To investigate global regulation of mRNA decay in B. cereus, we performed a genome-wide determination of mRNA half lives in B. cereus ATCC 10987 by RNA-Seq, which measures the half-life of disappearance of sequence (mass) rather than functional half-life. The number of sequence reads produced showed sample to sample variation, possibly caused by variation in sequencing effectiveness, multiple sequencing of some samples, and variable effectiveness of the rRNA depletion procedure. Normalization of the data sets was thus required. As samples were depleted for ribosomal RNA prior to cDNA synthesis (see Materials and methods), possibly with variable efficiency across samples, rRNA could not be used for normalization purposes. We therefore developed a novel normalization protocol, where decay rates for mRNAs from five randomly chosen genes in each strain were determined by reverse transcriptase quantitative PCR (RT-qPCR) and used for normalization (for details, see Materials and methods). To test the validity of the normalization procedure, RT-qPCR was used to determine half-lives for an independent set of mRNAs from another ten randomly selected genes (Figure 2a; list of genes in Supplementary Table S3 in Additional file 1). The analysis produced a Pearson product moment correlation of 0.96 (n = 7) and 0.94 (n = 9) for the B and D series, respectively, when comparing half-lives estimated by RT-qPCR and RNA-Seq. Furthermore, the half-lives determined using RNA-Seq, for the B- and D-decay series, respectively, showed a correlation of 0.87 (n = 493; Figure 2b). The reproducibility of the decay rates, both with different methods and biological replicates, confirmed that RNA-Seq using the presented normalization protocol is a suitable method for mRNA half-life calculations.

Figure 2

Validation of the methods used for mRNA half-life estimation. (a-d) Validation was performed by calculation of the statistical correlation between half-lives for corresponding genes determined using different methods (a-c; B. cereus ATCC 10987), and statistical correlation between half-lives for orthologous genes from B. cereus strains ATCC 10987 and ATCC 14579, respectively (d), determined by RNA-Seq. Half-life values are plotted on log-scale. In each panel, the dashed line gives the regression line between two samples/tests/strains, and the number shown for each plot denotes the Pearson correlation for the gene orthologs. (a) Validation by RT-qPCR of half-lives determined by RNA-Seq (GA-II), demonstrating a good correlation of half-lives determined by the two methods. (b) Correlation between half-lives for the two biological replicate series B and D as determined by RNA-Seq (GA-II). (c) Correlation of mRNA half-lives determined by RNA-Seq, employing GA-II and 454 technology, respectively. (d) Correlation between half-lives of orthologous mRNAs in B. cereus strains ATCC 10987 and ATCC 14579, respectively.
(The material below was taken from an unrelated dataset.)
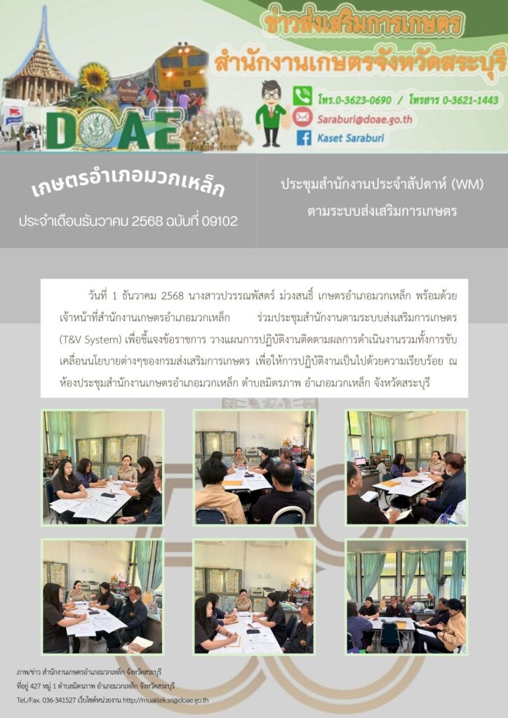 วันที่ 1 ธันวาคม 2568 นางสาวปวรรณพัสตร์ ม่วงสนธิ์ เกษตรอำเภอมวกเหล็ก พร้อมด้วย เจ้าหน้าที่สำนักงานเกษตรอำเภอมวกเหล็ก ร่วมประชุมสำนักงานตามระบบส่งเสริมการเกษตร (T&V System) เพื่อชี้แจงข้อราชการ วางแผนการปฏิบัติงานติดตามผลการดำเนินงานรวมทั้งการขับเคลื่อนนโยบายต่างๆของกรมส่งเสริมการเกษตร เพื่อให้การปฏิบัติงานเป็นไปด้วยความเรียบร้อย ณ ห้องประชุมสำนักงานเกษตรอำเภอมวกเหล็ก ตำบลมิตรภาพ อำเภอมวกเหล็ก จังหวัดสระบุรี

The C and D decay series sequenced by 454 technology had less coverage (Supplemental Table S1 in Additional file 1); therefore, it was possible to estimate half-life values only for the most highly expressed genes (46 and 192 genes in the two biological replicates, respectively). There was a reasonable correlation between half-lives determined by RNA-Seq using Illumina and 454 technologies, respectively (Pearson correlation 0.73, n = 191; Figure 2c), as well as between RT-qPCR and 454 RNA-Seq (0.76, n = 6), although the correlation values were lower than between Illumina data and RT-qPCR. Supplementary Table S3 in Additional file 1 shows the correlation between the genes whose half-lives could be estimated by RT-qPCR and any of the two RNA-Seq methods.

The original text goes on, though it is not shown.